- Born: Michael Philip Silverblatt August 6, 1952 New York City, U.S.
- Died: February 14, 2026 (aged 73) Los Angeles, California, U.S.
- Occupations: Broadcaster; radio personality;

= Michael Silverblatt =

American broadcaster and literary critic (1952–2026)

Michael Philip Silverblatt (August 6, 1952 – February 14, 2026) was an American literary critic and broadcaster who hosted Bookworm, a nationally syndicated radio program focusing on books and literature, from 1989 to 2022. He recorded over 1,600 interviews with authors and other literary figures, including Toni Morrison, Salman Rushdie, Joan Didion, Susan Sontag, David Foster Wallace, William H. Gass, W. G. Sebald, and John Ashbery.

Bookworm was broadcast by Los Angeles public radio station KCRW.

==Early life==
Silverblatt was born into a Jewish family in New York City. He attended SUNY Buffalo, majored in English, and later entered postgraduate studies at Johns Hopkins University before dropping out.

Later, he moved to Los Angeles with the intention of becoming a screenwriter. After a conversation about Russian poetry with KCRW's at a dinner party, he was offered his own radio show.

==KCRW Bookworm==
On Bookworm, Silverblatt interviewed a variety of writers, including W. G. Sebald, Zadie Smith, Lorrie Moore, Joy Williams, Joshua Cohen, Maggie Nelson, and Richard Powers. He called his interviews "conversations" and did not use prompts or question sheets. Critics and interviewees noted Silverblatt's preparedness; he always read his interviewee's work in advance.
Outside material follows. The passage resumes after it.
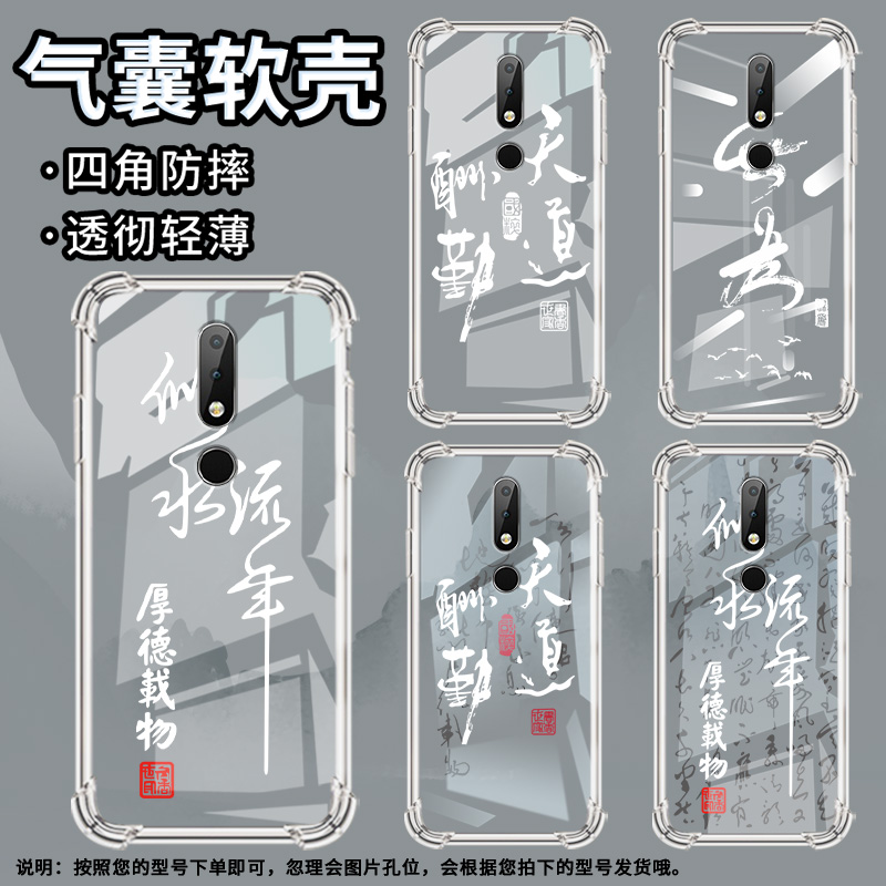 适用诺基亚X6手机壳全包边气囊壳流水似年Nokia防摔中国风时尚诺基亚X6男女款高级感潮流简约硅胶保护套
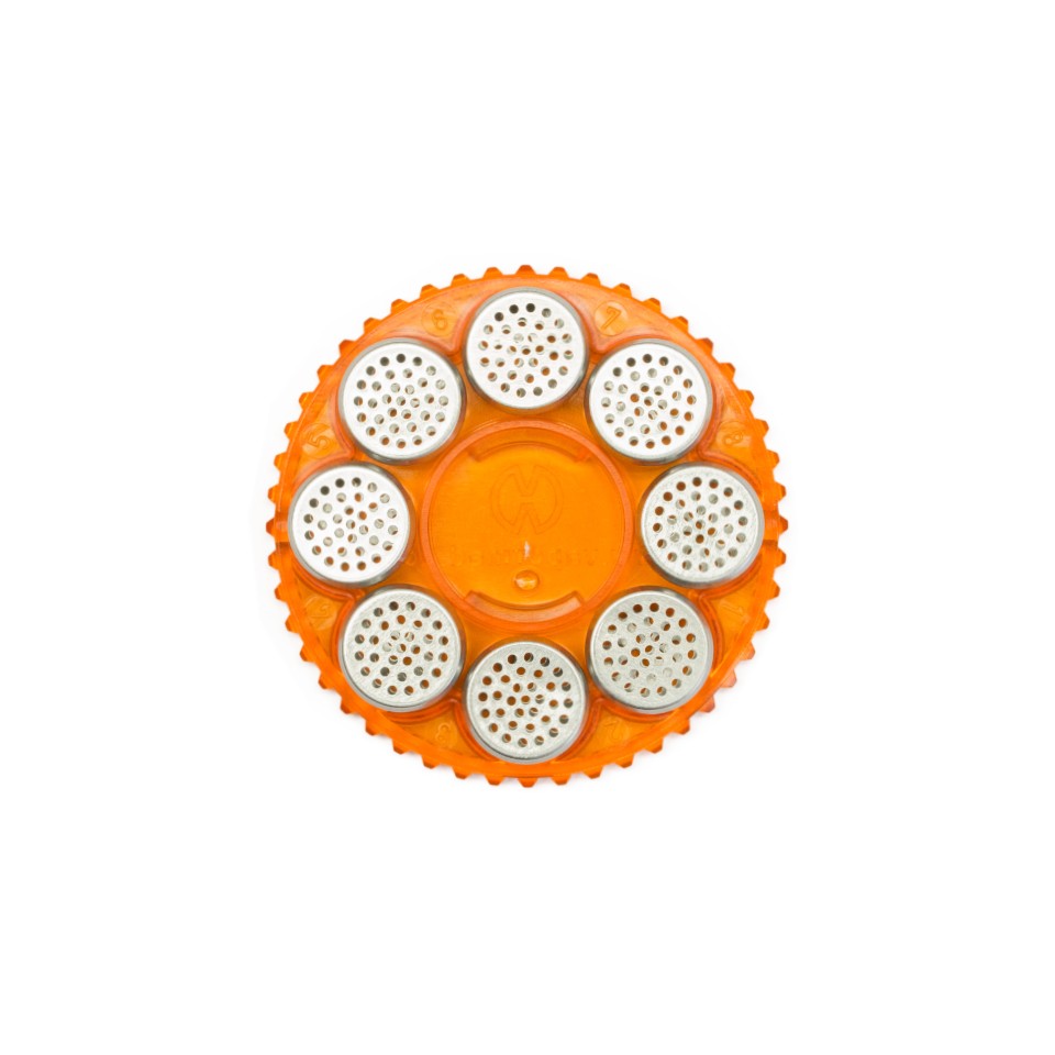 Plastic magazine with 8 dosing capsules for Storz & Bickel vaporizers.

Underwritten by the Lannan Foundation, Bookworm was distributed free of charge to around 50 U.S. radio stations. Silverblatt worked on the show unpaid for its first five years.

==Literary critic==
Silverblatt coined the term transgressive fiction.

Silverblatt's Los Angeles Times review of William Gass's The Tunnel was blurbed on the cover of its paperback release: "The most beautiful, most complex, most disturbing novel to be published in my lifetime".

He wrote an introduction to a reissue of Kenward Elmslie's The Orchid Stories.

In 2018, Silverblatt was the inaugural recipient of the Deborah Pease Prize, awarded by A Public Space magazine for being a "figure who has advanced the art of literature".

In 2023, The Song Cave published Bookworm: Conversations with Michael Silverblatt, a selection of notable interviews by Silverblatt.

==Death==
Silverblatt died in Los Angeles on February 14, 2026, at the age of 73.